Your villain comes off as incompetent.

If your character is usually not cardboard, his brick-strong lack of reaction makes the PAIN not real. I mean if he can withstand it so totally, it must not actually hurt that much.  If you are literally describing what is happening to him, that creates dissonance. It doesn’t sound so much like the intestines they’re ripping out hurt a ton but your hero is just so tough it’s whatever – it sounds like maybe the villain is so incompetent he can’t make evisceration hurt. So – either your hero is cardboard, or your villain is a loser who can’t even torture someone right, or both. Don’t forget – it hurts your hero if your villain sucks, so everyone loses.

The reader cannot relate to your hero’s pain if he isn’t feeling any.

It’s going to make it hard for the reader to sympathize with what is happening to your hero if you tell them but don’t show them – I mean, you’ll still get a good flinch when you say, “metal hooks through his eyelids held his eyes open” (Props to Andrew Whittaker, that was a fun chapter to read) but then things get weird if dude is just sitting there like his eyelids held open with hooks is nbd. (He’s so informal about it he’s using chatspeak, you see.) I’m going to relate a lot more to him if he’s more like, “aaaaaaah there are hooks in my eyelids aaaaaaah my eyes and my eyelids hurt so badly aaaaaaah!”

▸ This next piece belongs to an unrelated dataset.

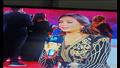 ظهرت بفستان طويل بأكمام طويلة باللون الأسود، مزين بخطوط متداخلة باللون الجولد بطريقة جعلته يشبه القفطان المغربي.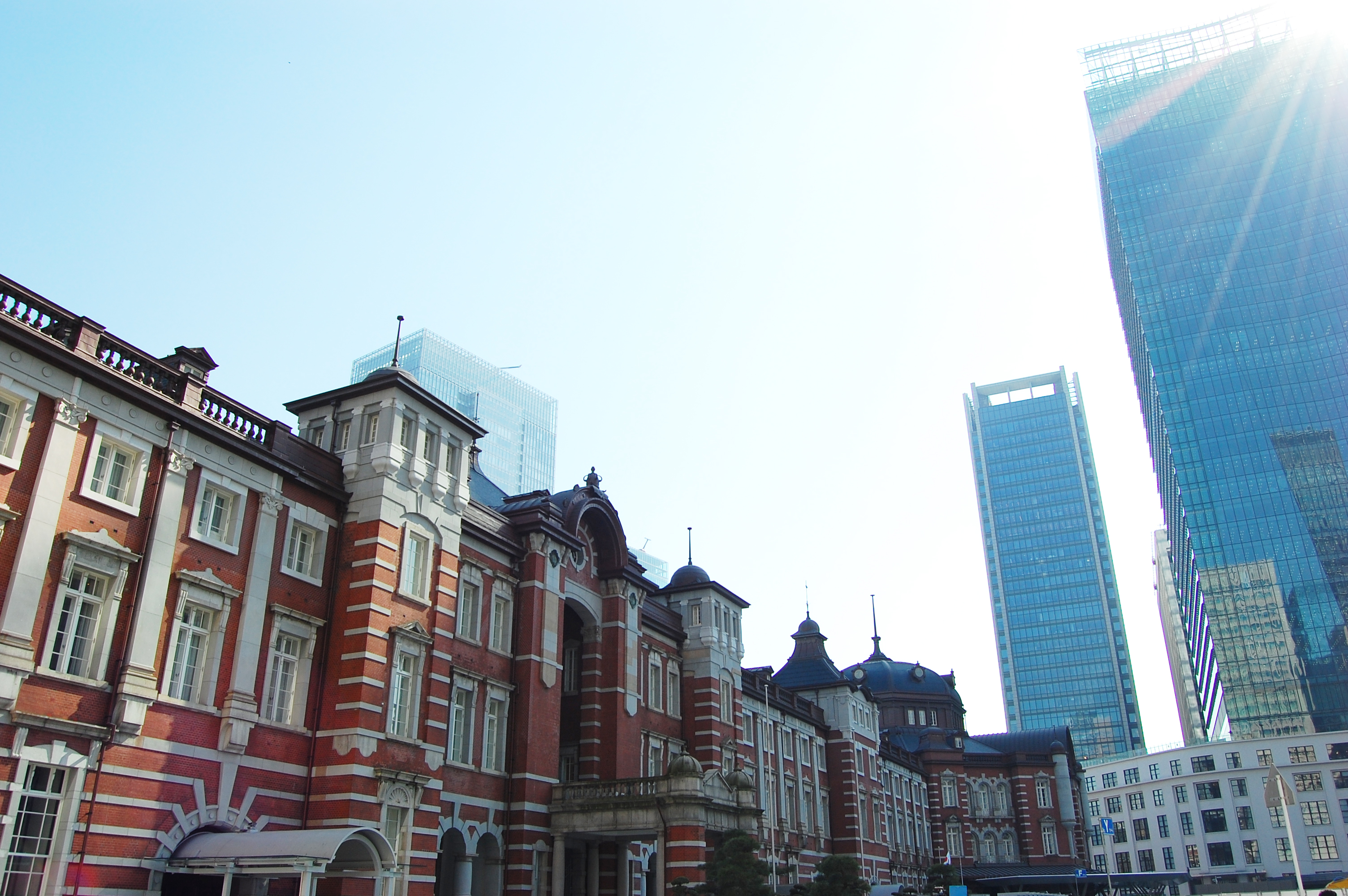 ビルから光が差し込む、東京駅

Choosing smaller reactions is more likely to make your hero seem tough than none at all.

Choose what responses he displays wisely. When I’m undergoing torture (it’s usually called a pelvic exam, but I have a medical condition that makes it torture instead), I’m dealing with a doctor and therefore trying really, really hard to just lay still until the doctor is done. But it hurts enough that I can’t help but squirm, grasp at the…chair thingie doctors have, grind my teeth, and sometimes, with a particular jolt of pain, a little whine slips through. This is me at my bravest, toughest, most determined to not show that all that’s on my mind is, “frick frick frick omg stop holy heck are you done make it stop frick frick frick frick.” Or possibly swearing, I’ll never tell.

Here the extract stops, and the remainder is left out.